What to produce: The result should be the listing below, restated exactly, with its pictures left out.

Input data:
=== Begin Enclosure ===

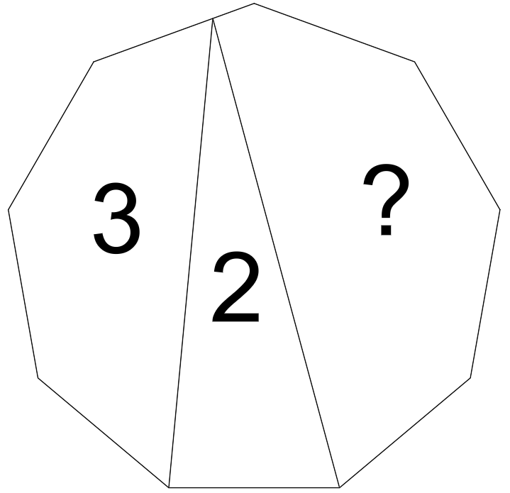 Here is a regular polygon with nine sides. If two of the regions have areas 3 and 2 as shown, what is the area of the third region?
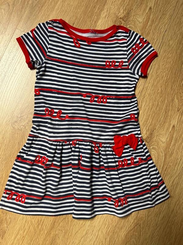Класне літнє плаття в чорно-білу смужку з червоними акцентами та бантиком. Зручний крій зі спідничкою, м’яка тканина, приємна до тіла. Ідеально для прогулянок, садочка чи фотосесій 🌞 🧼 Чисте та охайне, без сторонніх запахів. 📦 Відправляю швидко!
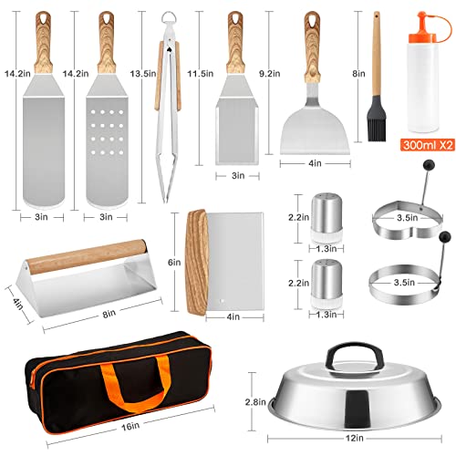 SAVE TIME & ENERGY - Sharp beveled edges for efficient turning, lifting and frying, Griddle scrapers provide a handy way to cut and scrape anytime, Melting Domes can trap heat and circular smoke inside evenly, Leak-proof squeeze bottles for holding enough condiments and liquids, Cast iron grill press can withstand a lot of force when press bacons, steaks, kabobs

=== End Enclosure ===

Task answer:
 Here is a regular polygon with nine sides. If two of the regions have areas 3 and 2 as shown, what is the area of the third region?
Класне літнє плаття в чорно-білу смужку з червоними акцентами та бантиком. Зручний крій зі спідничкою, м’яка тканина, приємна до тіла. Ідеально для прогулянок, садочка чи фотосесій 🌞 🧼 Чисте та охайне, без сторонніх запахів. 📦 Відправляю швидко!
 SAVE TIME & ENERGY - Sharp beveled edges for efficient turning, lifting and frying, Griddle scrapers provide a handy way to cut and scrape anytime, Melting Domes can trap heat and circular smoke inside evenly, Leak-proof squeeze bottles for holding enough condiments and liquids, Cast iron grill press can withstand a lot of force when press bacons, steaks, kabobs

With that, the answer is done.